START Dataset extract

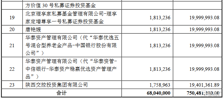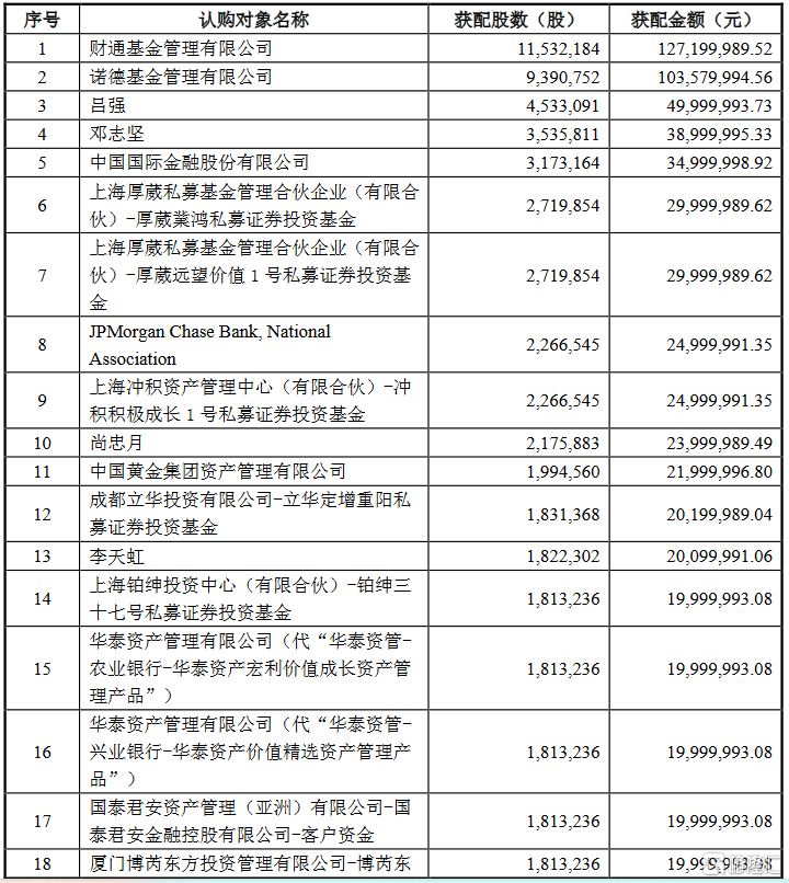 环球印务(002799.SZ)披露非公开发行A股股票发行情况报告书,确定此次发行价格为11.03元/股,发行股数6804万股,募集资金总额约7.5亿元。此次发行对象最终确定为23家,此次发行配售结果如下:
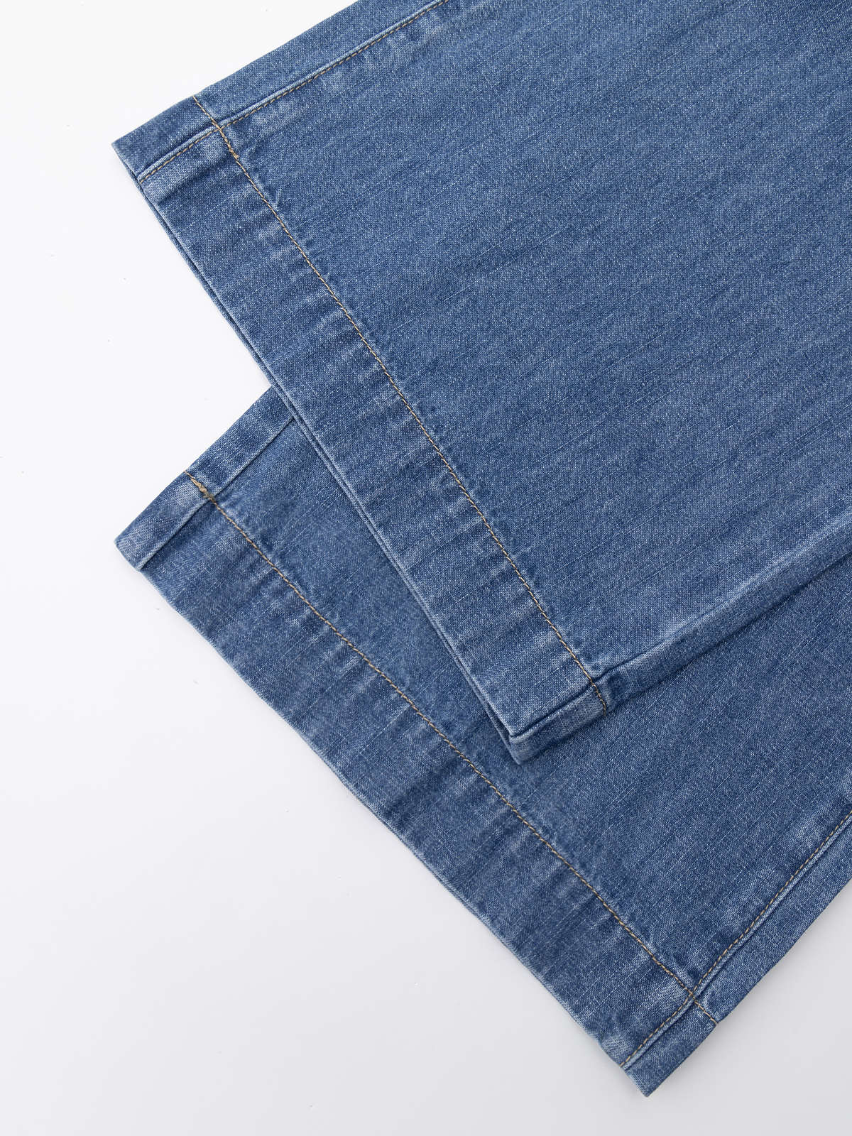 COCO ZONE“万能牛仔裤”新款时尚松紧腰牛仔裤显瘦直筒阔腿裤CC1B0827
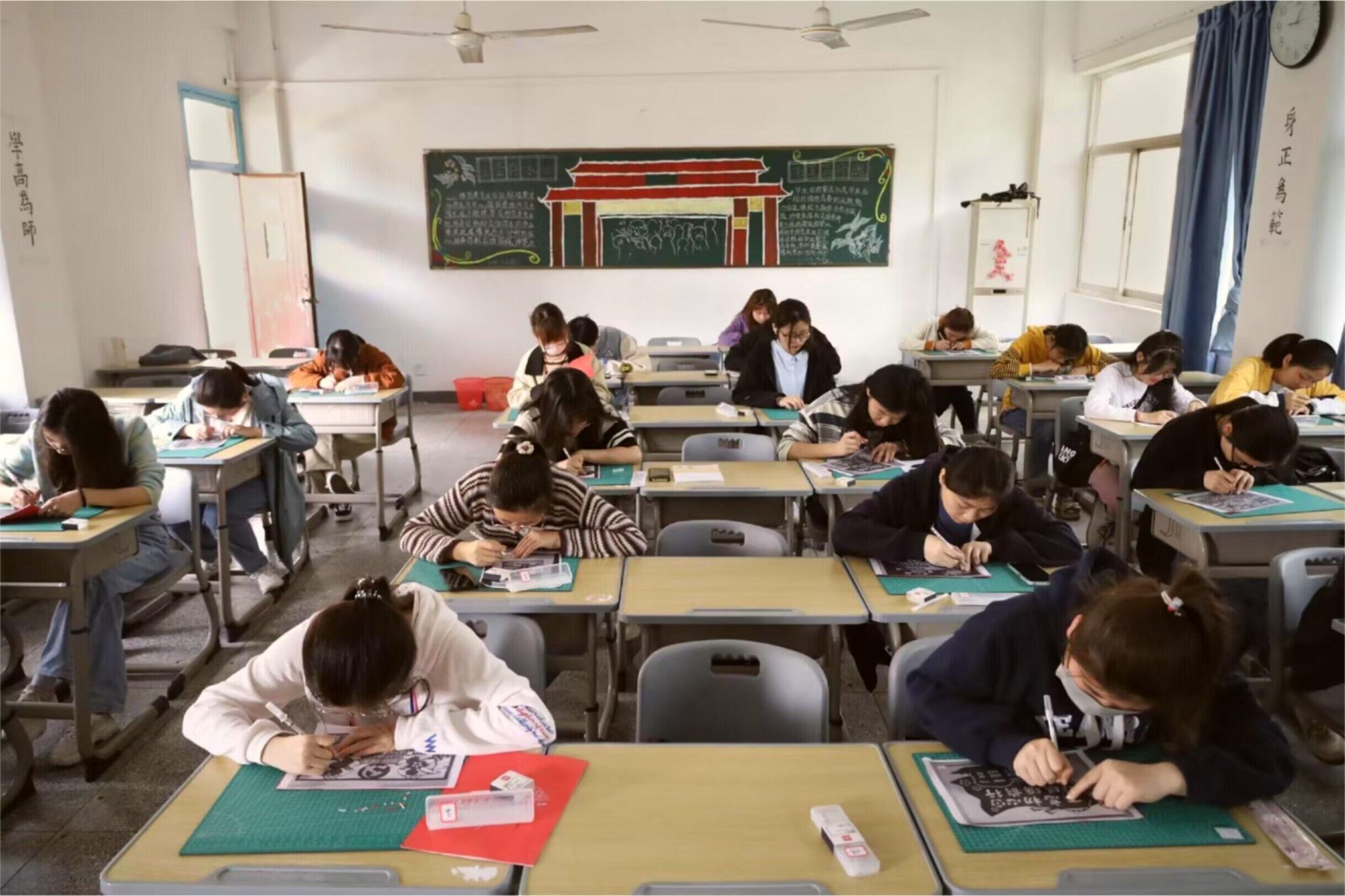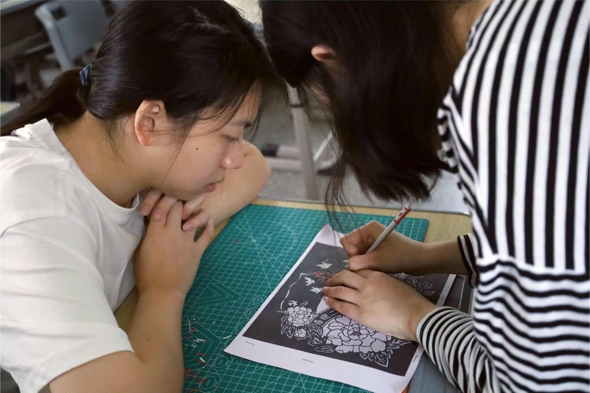 祥云之上,党徽被龙凤衔着的绿叶所环绕;党徽之下,象征着高洁清廉的荷花在恢宏壮阔的天安门广场盛开。雕刻出这样一幅图案精美、寓意吉祥的作品,对于初学者来说并非易事。“祥云上的每一条波浪,都需要缓缓转刀仔细雕刻,稍有不慎卡纸便会磨损。”历史学专业2022(3)班的黄婧斜坐在桌前,小心地掌握着力度,不敢有丝毫的松懈。
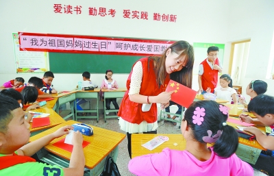 9月23日,伟德betvlctor1946源于英国的志愿者向外来务工子弟介绍国旗图案的象征意义,并教孩子们动手制作小国旗。当天,该校26名志愿者联合湖南李丽心灵教育中心,在长沙市天心区小古道巷小学为200多名外来务工子弟举办“我为祖国妈妈过生日”爱国主义教育主题活动,通过组织孩子们认识中国地理版图、手绘中国国旗、开展军姿训练等形式,培养他们的爱国情怀。
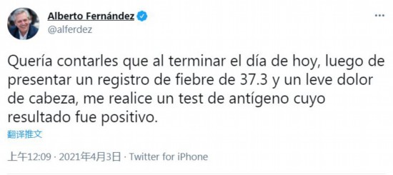 当地时间4月3日凌晨,阿根廷总统费尔南德斯在社交网络发文表示他当天出现了发热、轻微头痛的症状,随后的新冠抗原检测结果呈阳性。费尔南德斯同时透露他已经进行了自我隔离,目前还在等待最后的核酸检测结果。
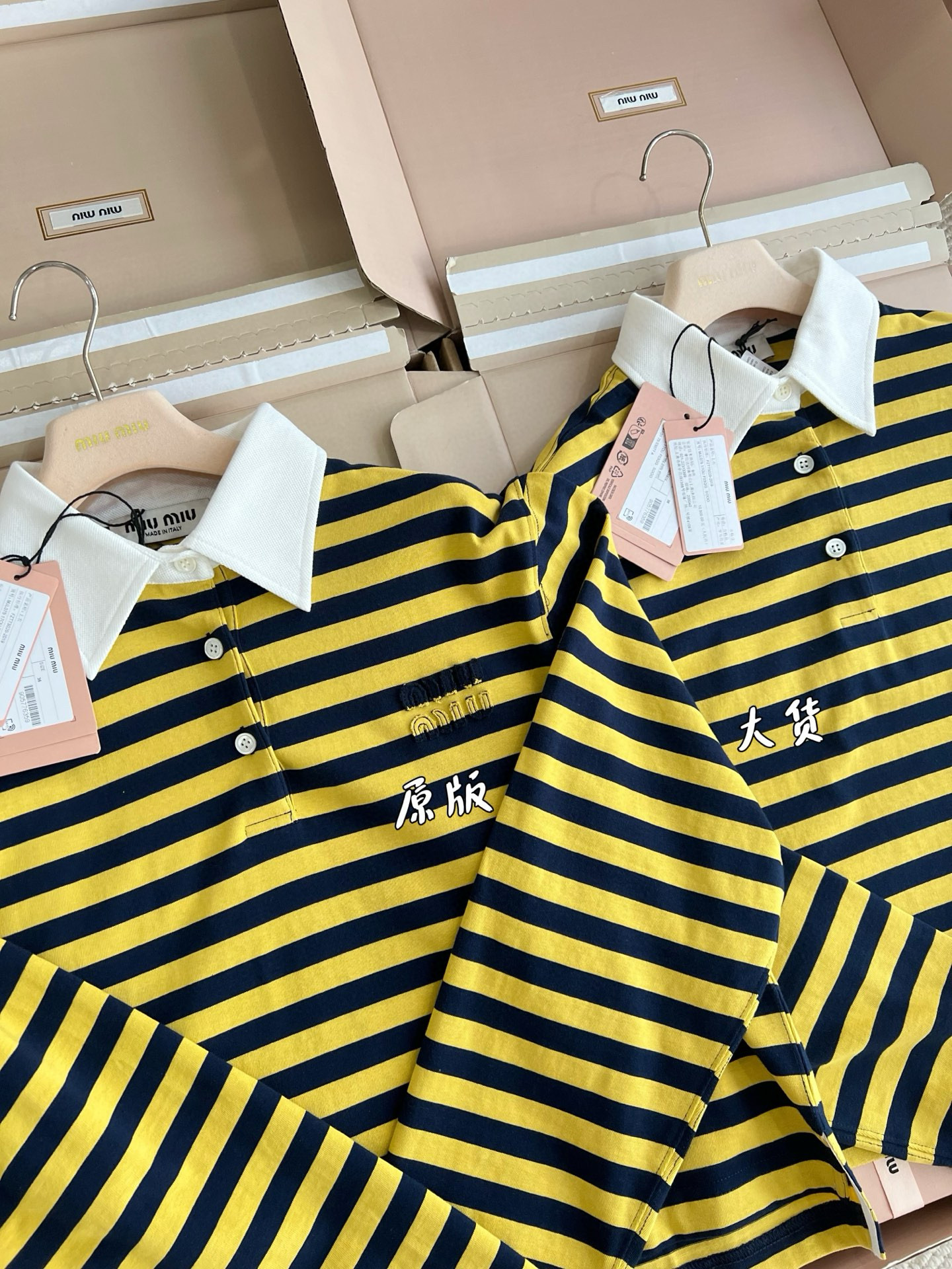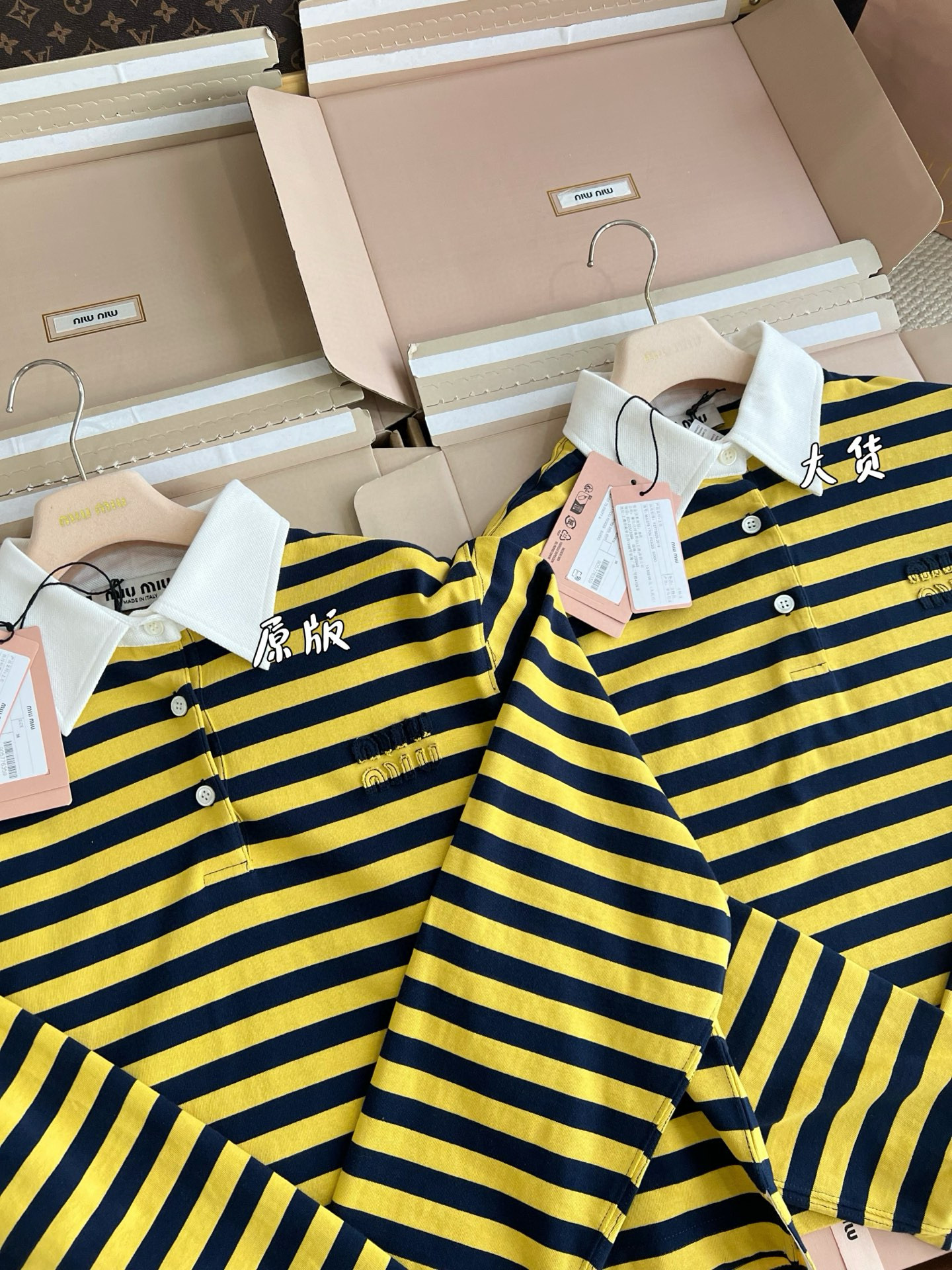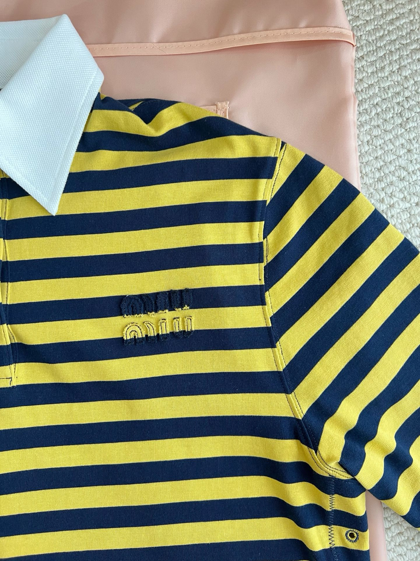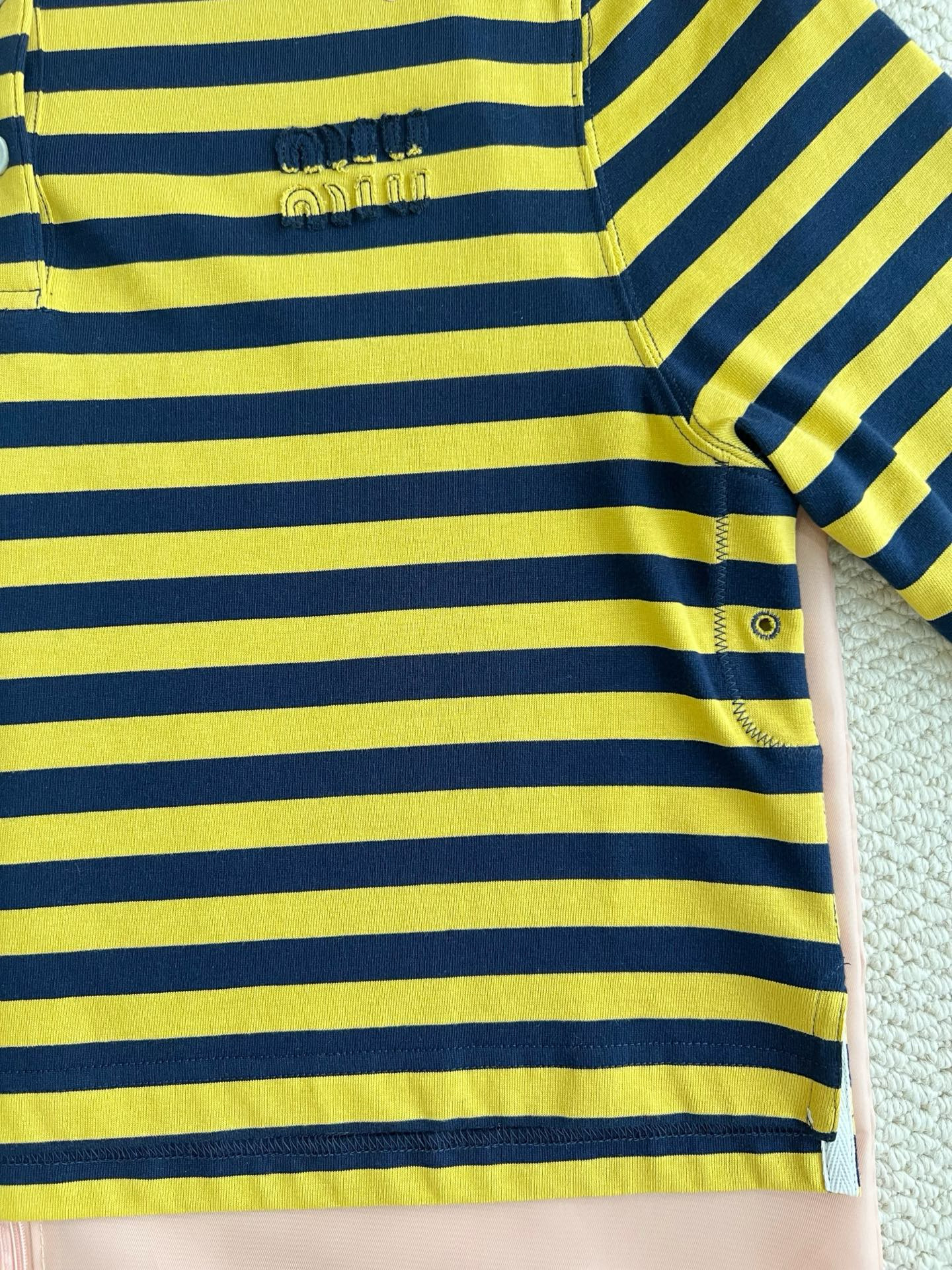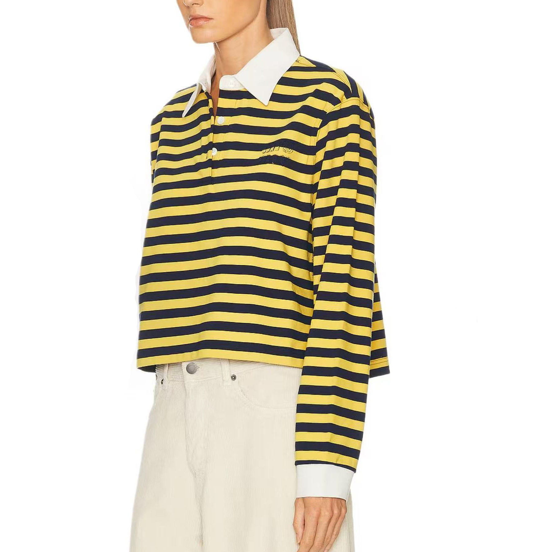 Home / T-shirt / NIGO MiuMiu Women's Spring And Summer Fashion Trend Cotton Striped Embroidered Logo Long Flow Polo Shirt T-shirt Loose Casual Top #nigo81618

END Dataset extract

• [Work instruction] Only exact repeats of the lines from the one containing "9月23日,伟德betvlc" through the end of the listing above are wanted here; pictures are not.

• [Result]
 9月23日,伟德betvlctor1946源于英国的志愿者向外来务工子弟介绍国旗图案的象征意义,并教孩子们动手制作小国旗。当天,该校26名志愿者联合湖南李丽心灵教育中心,在长沙市天心区小古道巷小学为200多名外来务工子弟举办“我为祖国妈妈过生日”爱国主义教育主题活动,通过组织孩子们认识中国地理版图、手绘中国国旗、开展军姿训练等形式,培养他们的爱国情怀。
 当地时间4月3日凌晨,阿根廷总统费尔南德斯在社交网络发文表示他当天出现了发热、轻微头痛的症状,随后的新冠抗原检测结果呈阳性。费尔南德斯同时透露他已经进行了自我隔离,目前还在等待最后的核酸检测结果。
 Home / T-shirt / NIGO MiuMiu Women's Spring And Summer Fashion Trend Cotton Striped Embroidered Logo Long Flow Polo Shirt T-shirt Loose Casual Top #nigo81618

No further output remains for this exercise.